WHAT TO WORK ON
Restate the listing below word for word, omitting any images.

DATASET SECTION
......

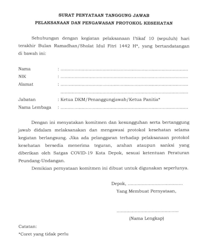 Protokol Kesehatan Ditulis olehNurul MuhamadMei 15, 2021Diposkan padaCovid-19Tag:Pandemi Surat Pernyataan Tanggung Jawab Pelaksanaan dan Pengawasan Protokol Kesehatan.( Sumber: SE Walikota Depok) Bagikan ini: Bagikan ke X(Membuka di jendela yang baru) X Bagikan pada Facebook(Membuka di jendela yang baru) Facebook Suka Memuat... Terkait Diterbitkan oleh Nurul Muhamad Pencerita dan Pencari Makna Lihat lebih banyak pos
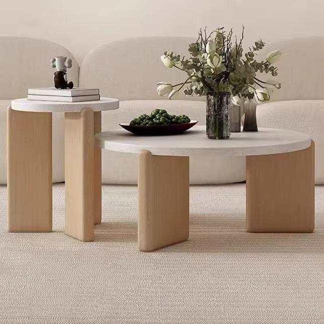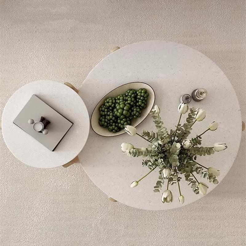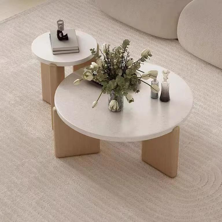 Mesa de centro estilo crema para sala de estar, hogar, apartamento pequeño, casa moderna sencilla, estilo silencioso, mesa pequeña, mesa de centro redonda combinada
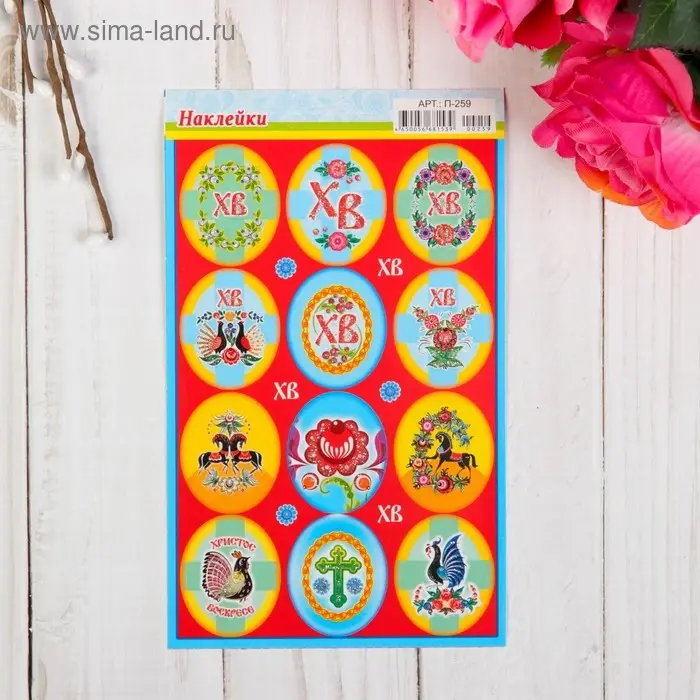 Наклейки пасхальные "Городецкая роспись" с глиттером

......

EXERCISE ANSWER
 Protokol Kesehatan Ditulis olehNurul MuhamadMei 15, 2021Diposkan padaCovid-19Tag:Pandemi Surat Pernyataan Tanggung Jawab Pelaksanaan dan Pengawasan Protokol Kesehatan.( Sumber: SE Walikota Depok) Bagikan ini: Bagikan ke X(Membuka di jendela yang baru) X Bagikan pada Facebook(Membuka di jendela yang baru) Facebook Suka Memuat... Terkait Diterbitkan oleh Nurul Muhamad Pencerita dan Pencari Makna Lihat lebih banyak pos
 Mesa de centro estilo crema para sala de estar, hogar, apartamento pequeño, casa moderna sencilla, estilo silencioso, mesa pequeña, mesa de centro redonda combinada
 Наклейки пасхальные "Городецкая роспись" с глиттером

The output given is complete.